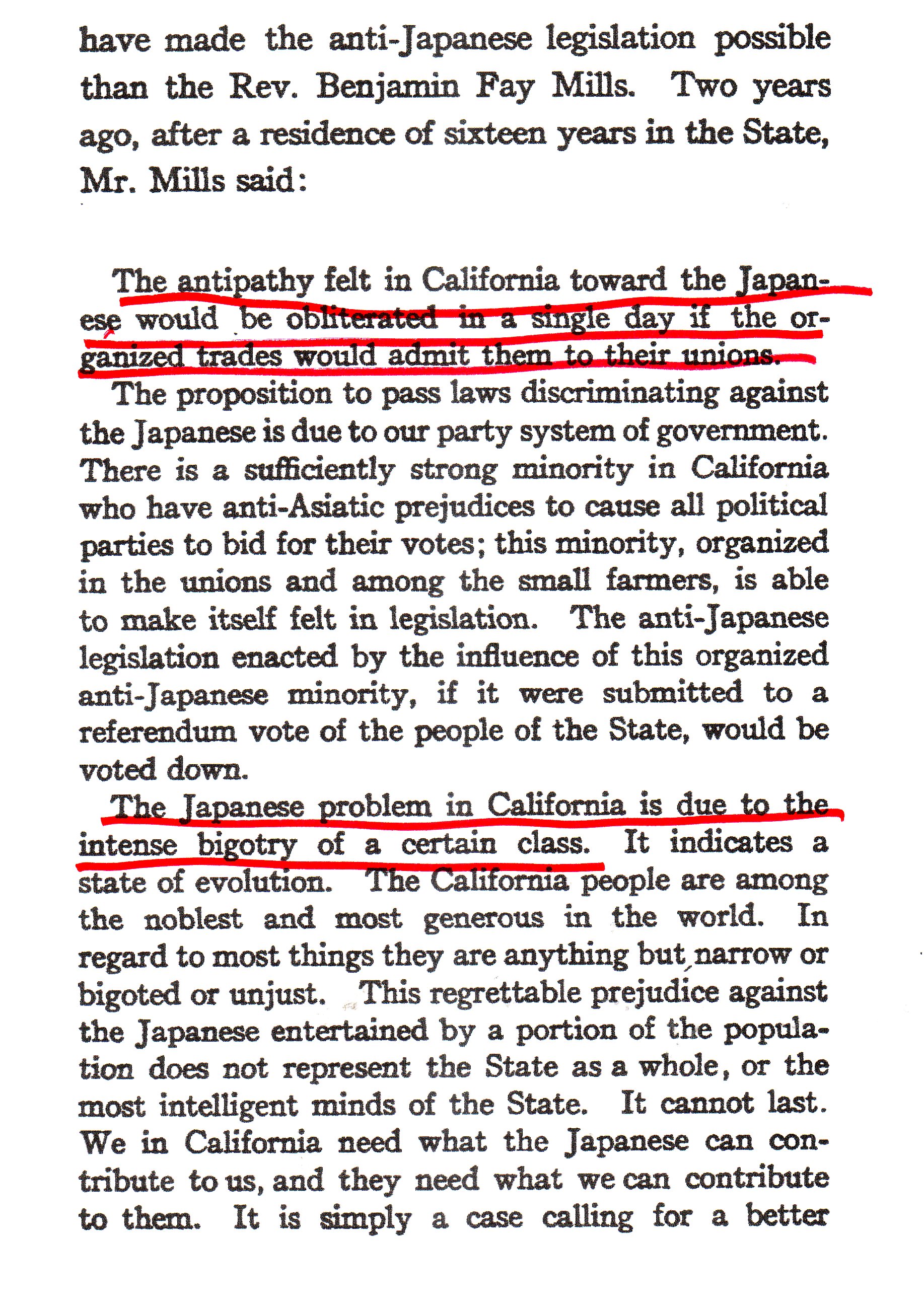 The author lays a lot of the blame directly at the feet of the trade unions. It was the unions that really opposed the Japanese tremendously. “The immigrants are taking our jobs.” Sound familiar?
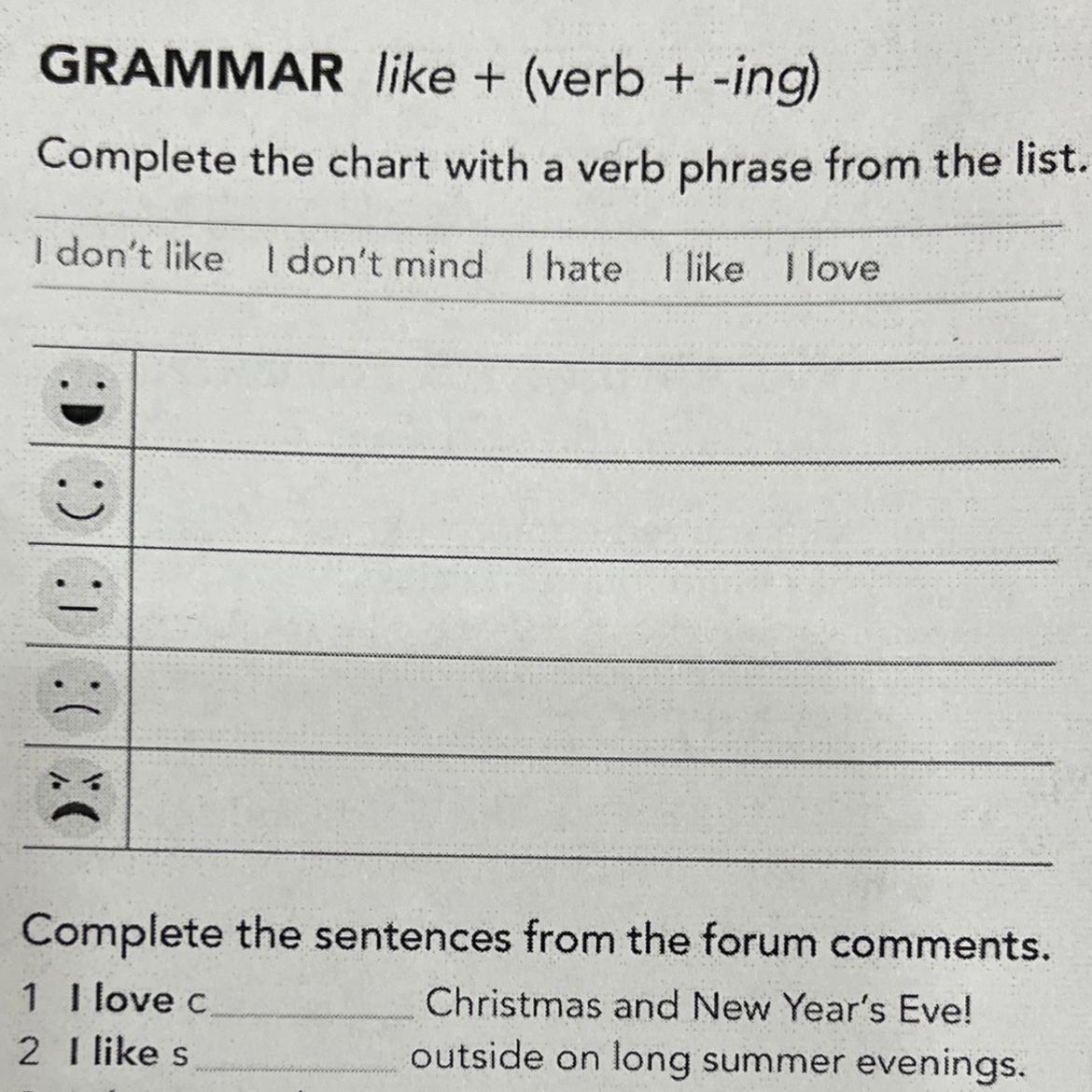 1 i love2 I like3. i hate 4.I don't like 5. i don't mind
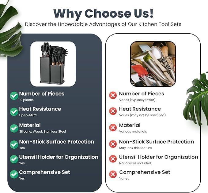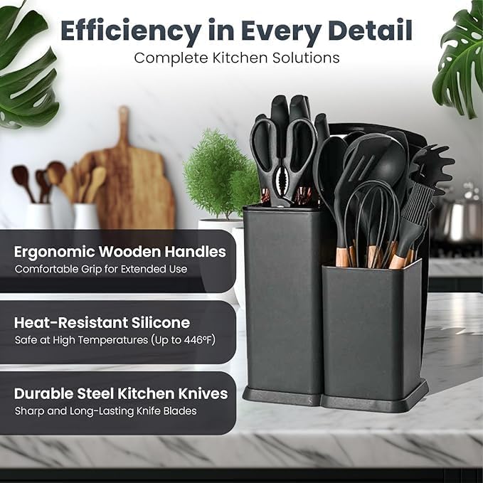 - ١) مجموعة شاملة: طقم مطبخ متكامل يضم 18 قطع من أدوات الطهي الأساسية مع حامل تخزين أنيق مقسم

▶ [TASK DETAILS]:
Set down the material above exactly. Skip any picture.

▶ [RESULT OF THIS TASK]:
 The author lays a lot of the blame directly at the feet of the trade unions. It was the unions that really opposed the Japanese tremendously. “The immigrants are taking our jobs.” Sound familiar?
 1 i love2 I like3. i hate 4.I don't like 5. i don't mind
 - ١) مجموعة شاملة: طقم مطبخ متكامل يضم 18 قطع من أدوات الطهي الأساسية مع حامل تخزين أنيق مقسم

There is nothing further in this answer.